Stopping sobig at firewall

[mizzy]

Hi there,

I am receiving loads of mail with the sobig virus.
All infected mails are being caught by my antivirus software on the mail server.
However I'd like to stop the mail at the firewall before it gets to my mail server.
With other viruses/spam I have been able be do this.
Just look at the header of the mail find where it is coming from and block the associated IP address.
Sobig is a bit more clever, it disguises where it comes from.
Have any of you guys or girls managed to stop these mails at the firewall.

Regards,

p.s. I should say that from what I can see the mails are coming from the same location. I'm using lotus domino server.

 

[dopehead]

I don't really get how you think you can stop a virus in an email by blocking mail servers, the mails are not disguised, they just come from all sorts of different mail servers.
Btw, how did you stop the other viruses ? they must have come from different sources also ?

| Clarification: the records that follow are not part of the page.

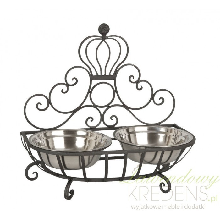 Dwie srebrne miski dla psa lub miski dla kota, zostały umieszczone na metalowym stojaku o ciemnym kolorze. Posiada on ozdobny dekor przypominający koron. Dodatki w stylu prowansalskim dzięki którym nawet zwierzaki poczują się wyjątkowo.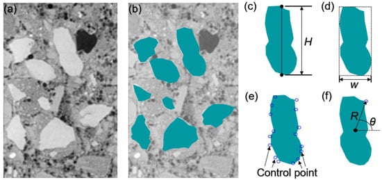According to Hohanson’s studies [34,35], it can be found that particle shape has great influence on the material mechanical properties and failure modulus. Therefore, in order to better reveal the influence of coarse aggregate on the elastic modulus of concrete, it is necessary to quantify the geometric features of coarse aggregate. Therefore, an efficient feature recognition method for concrete coarse aggregate is proposed, which can accurately identify the geometric size and angular characteristics of particles. The specific recognition process includes cross-section photography, coarse aggregate acquisition, long-axis acquisition, short-axis acquisition, feature point acquisition, and polar axis acquisition.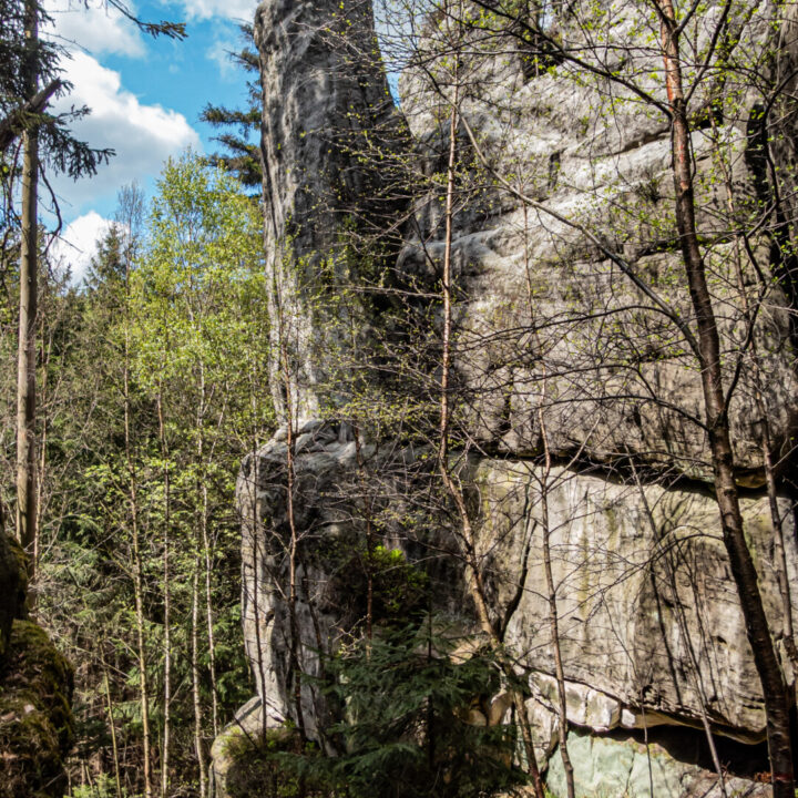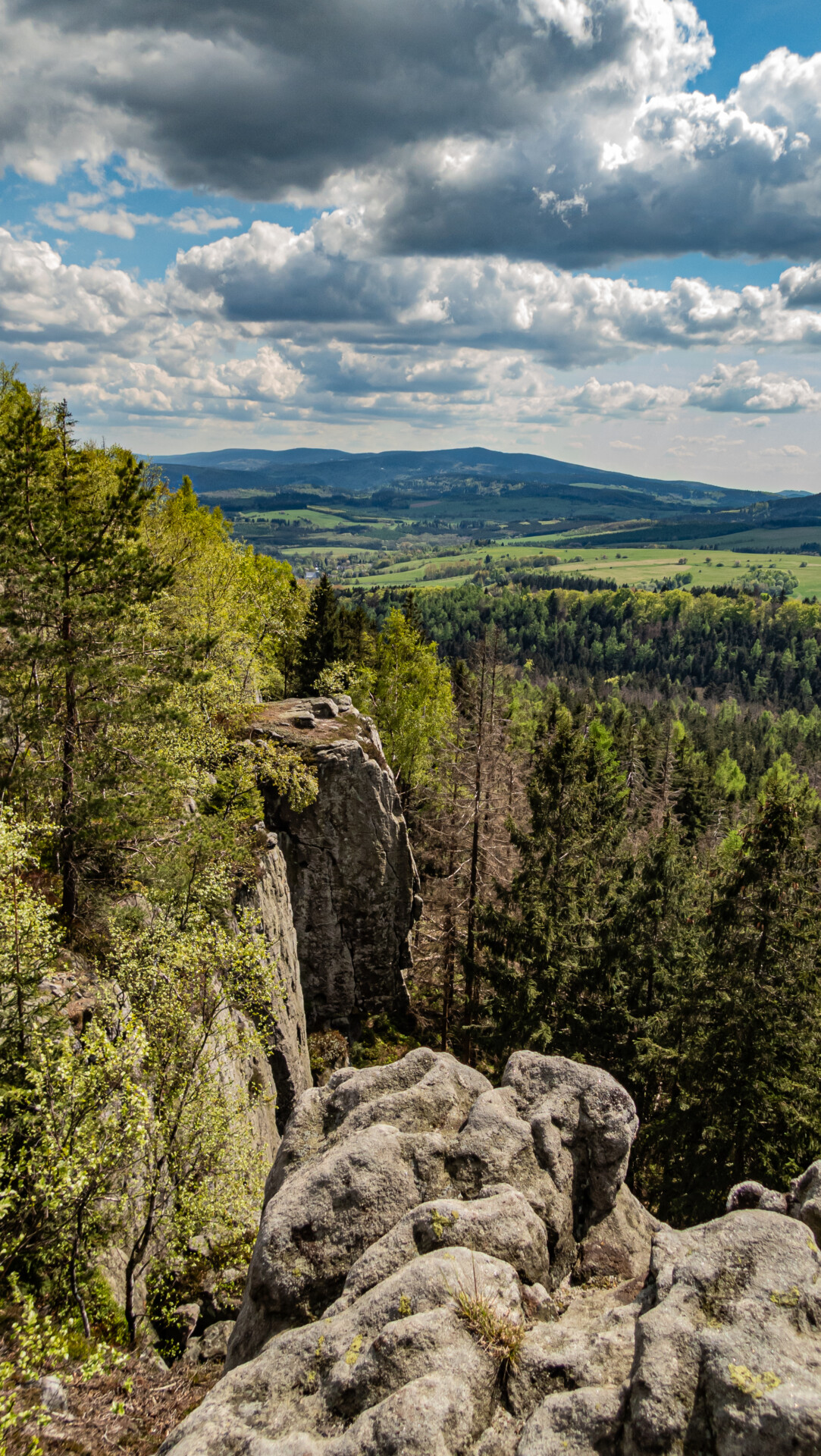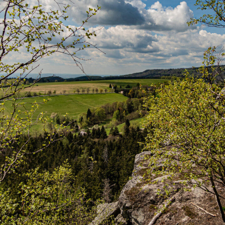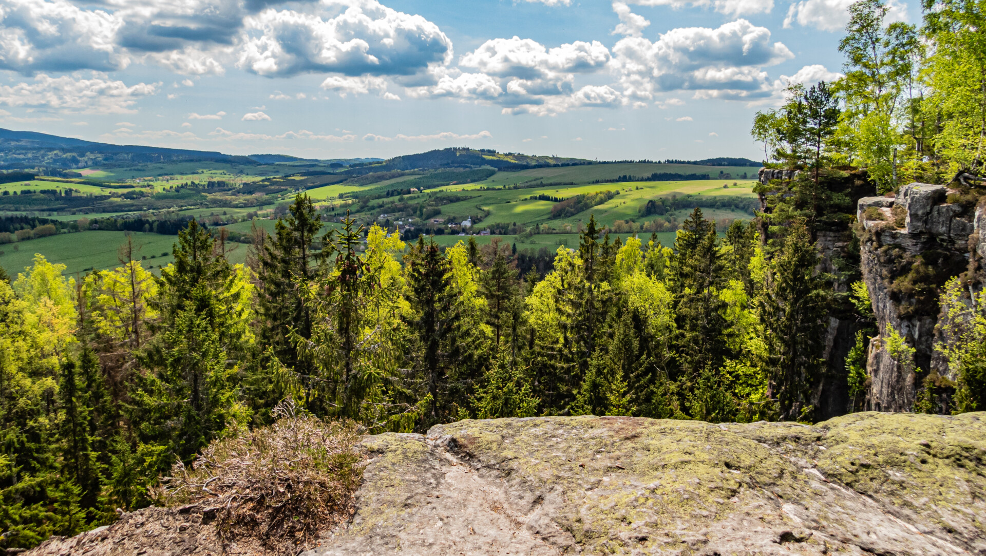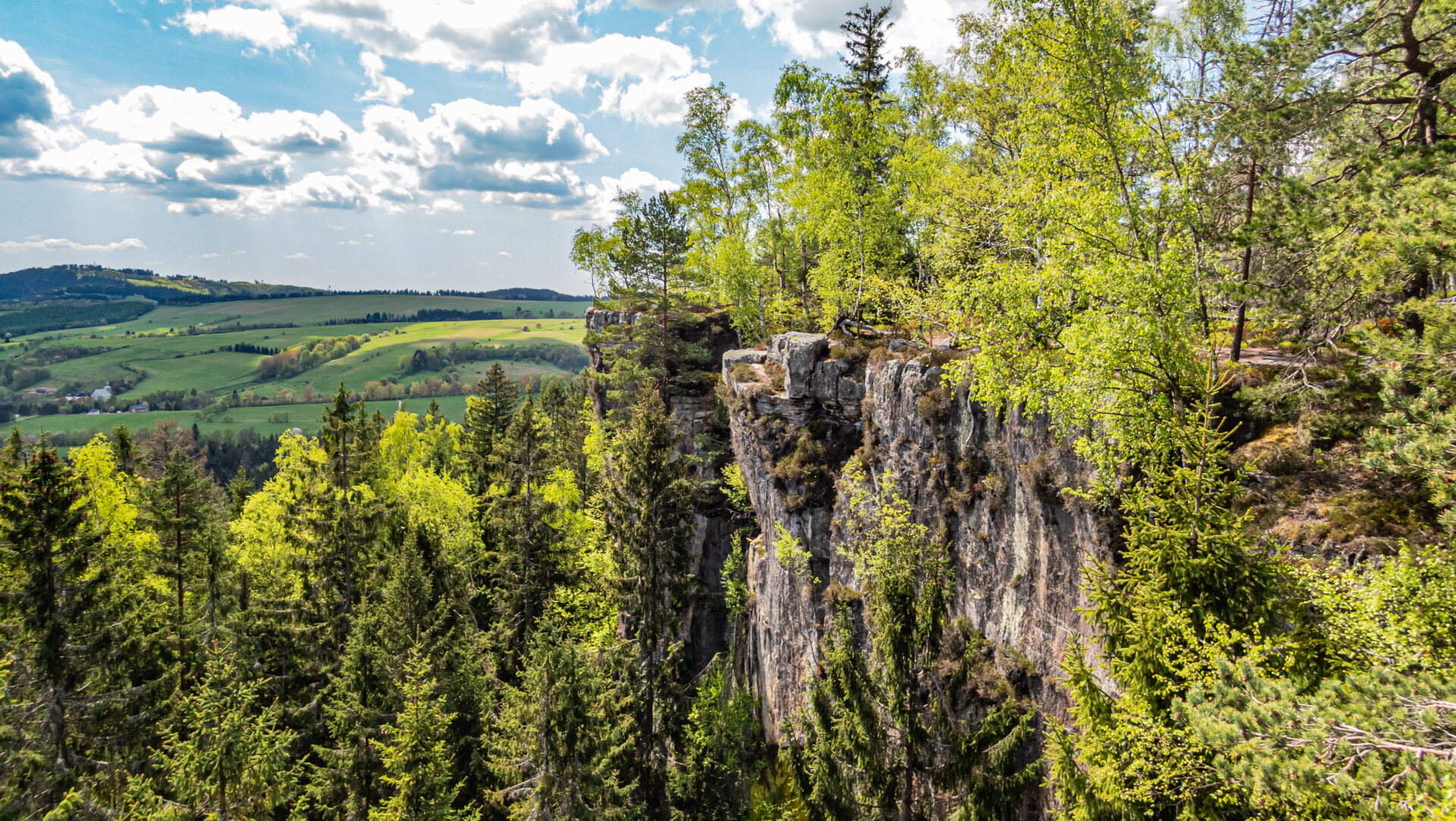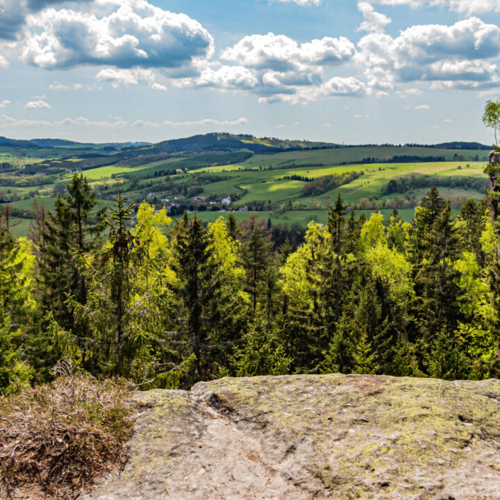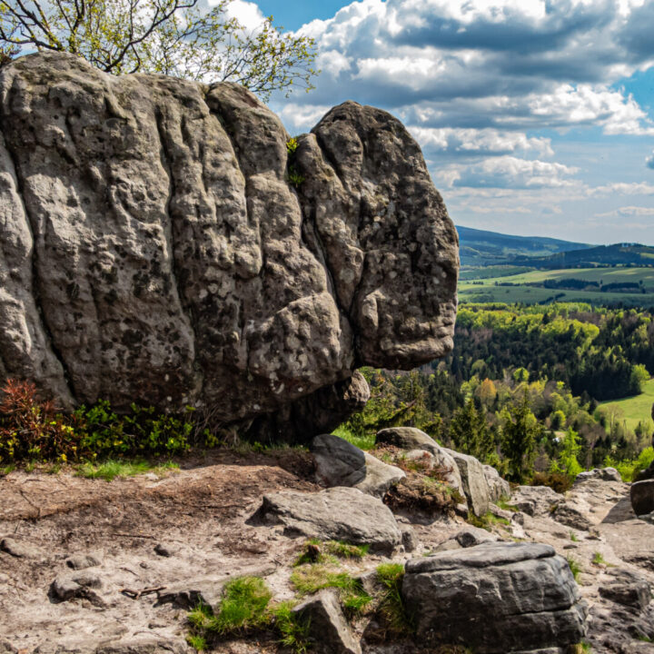 Kilka kroków dalej zmieniamy szlak zielony na niebieski i docieramy do Skał Puchacza. To urwisko powstało w wyniku eksploatacji piaskowca – kamieniołom działał od XIX wieku aż po czasy powojenne. Rozpościera się stąd piękny widok na Góry Bystrzyckie, Orlickie, a także na pobliskie łąki, pastwiska i lesiste wzniesienia. Choć urwisko ma kilkadziesiąt metrów wysokości i nie jest niczym osłonięte, nie odczuwałem typowego dla siebie lęku wysokości. Może to kwestia braku ludzi, może świetnej pogody – w każdym razie mogłem podejść do krawędzi i zrobić kilka zdjęć bez stresu.

Another thing, blocking mailservers that send you virus email might not be 2 smart, as you will miss possibly interesting mails that are meant for you or your co-workers.

Jan

 

[dx1]

If possible, setup a mail relay server on a dmz interface of the firewall. Have all your mail deliver to the relay server where it will be scanned and cleaned and then forward to your internal mail server.

For the relay server, you can run something like Symantec Antivirus for SMTP or a dedicated appliance.

 

[dopehead]

Isn't mails getting caught already by your mail server's antivirus ? Then i don't really see the point in bringing in another server that does this job. If the virus is not detected, why should another mail server help you ?

Jan

 

[mizzy]

Hi there,

Apologies I did not explain this better and it will take someone much cleverer than me to explain it correctly.

All I can say is that I was able to contact the two companies that were sending me hundreds of infected mails. (I was able to do this based on informaion about SMTP servers in the header of the infected mails)
The IT department at these two companies then updated their antivirus software and the volume of infected e-mail has returned to a more acceptable level.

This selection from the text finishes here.